■ Collected data ■

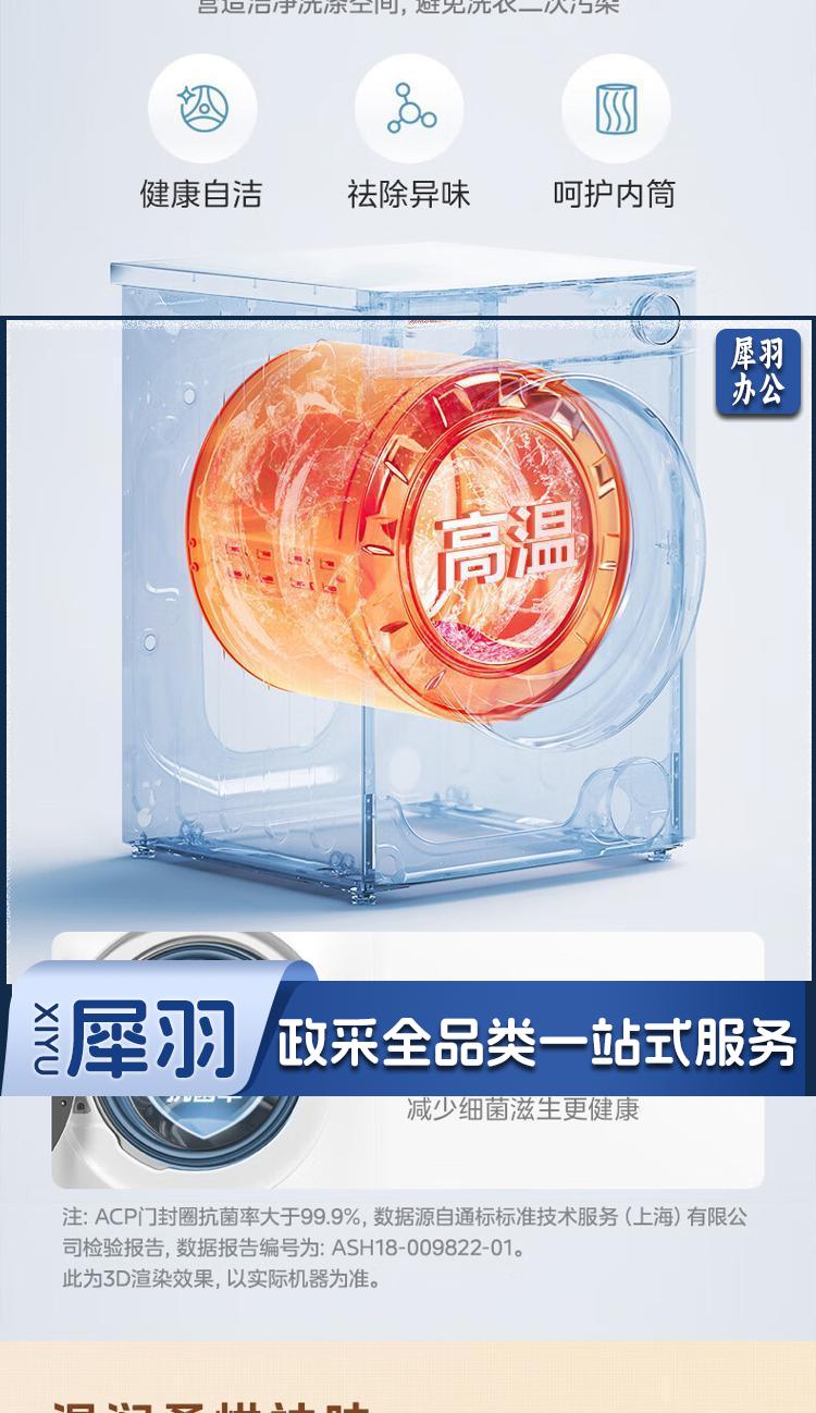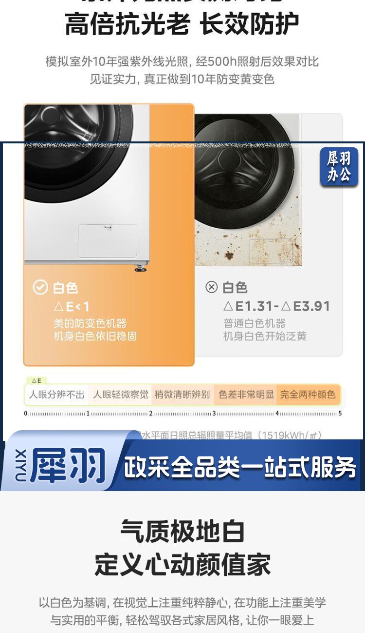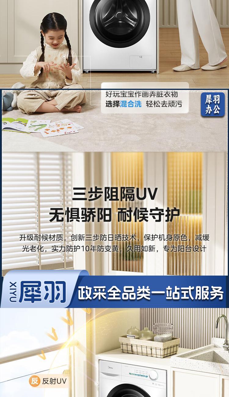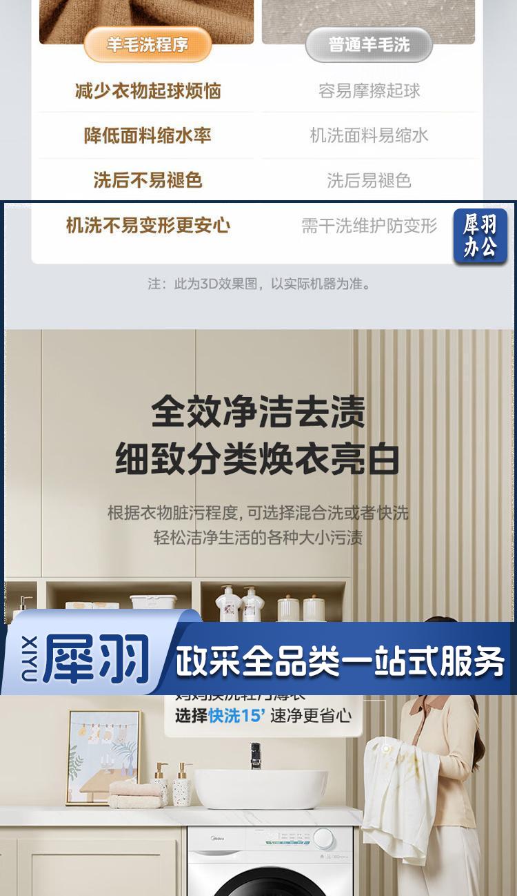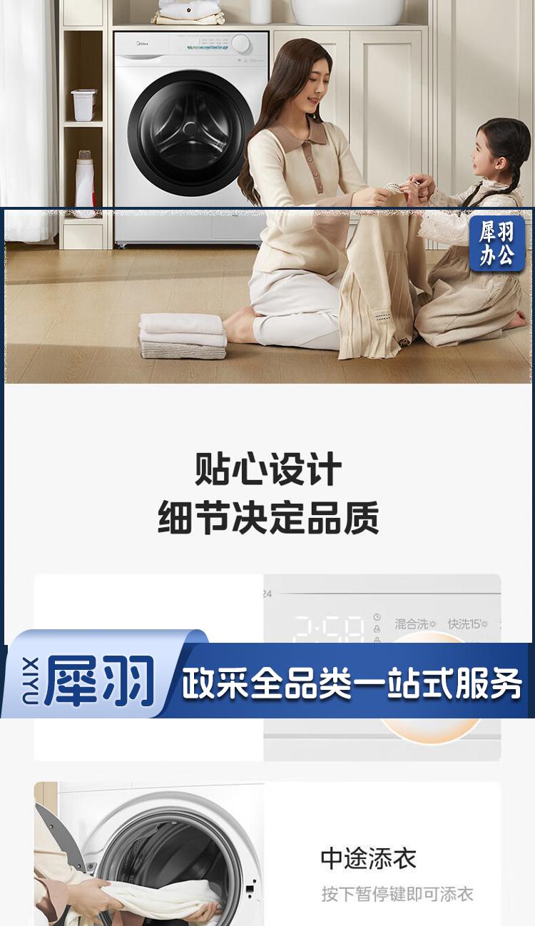 美的 MD100G2024 10KG 滚筒洗衣机 简约触控巴氏除菌全自动 单位:台
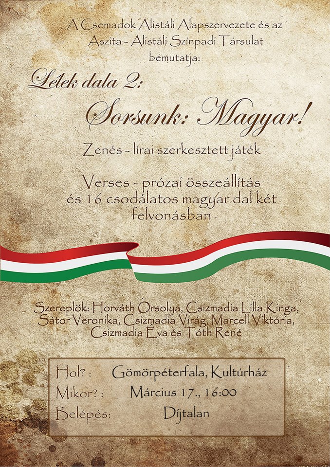 A Csemadok Alistáli Alapszervezete és a mellette működő ASziTA Társulat tisztelettel meghívja Önöket Sorsunk: Magyar! című előadására! Helyszín: Gömörpéterfala, kultúrház.
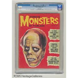 <B>Famous Monsters of Filmland #3 (Warren, 1959) CGC FN- 5.5 Off-white pages.</B></I> "You Axed For It" page begins. Previews of upcoming monster films. Jim Warren cover. Ron Cobb art. Forrest J. Ackerman text. Jerry Weist's <B>Comic Art Price Guide</B></I> lists values of $150 in Good and $300 in Fine condition. CGC census 1/05: 1 in 5.5, 3 higher.
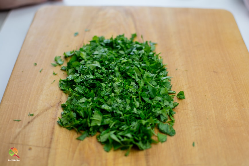 Din patrunjel alegem doar frunzele si le tocam (nu foarte marunt)

■ Work request ■
Leave the pictures out and set down the rest of the listing above exactly.

■ Solution ■
 美的 MD100G2024 10KG 滚筒洗衣机 简约触控巴氏除菌全自动 单位:台
 A Csemadok Alistáli Alapszervezete és a mellette működő ASziTA Társulat tisztelettel meghívja Önöket Sorsunk: Magyar! című előadására! Helyszín: Gömörpéterfala, kultúrház.
 <B>Famous Monsters of Filmland #3 (Warren, 1959) CGC FN- 5.5 Off-white pages.</B></I> "You Axed For It" page begins. Previews of upcoming monster films. Jim Warren cover. Ron Cobb art. Forrest J. Ackerman text. Jerry Weist's <B>Comic Art Price Guide</B></I> lists values of $150 in Good and $300 in Fine condition. CGC census 1/05: 1 in 5.5, 3 higher.
 Din patrunjel alegem doar frunzele si le tocam (nu foarte marunt)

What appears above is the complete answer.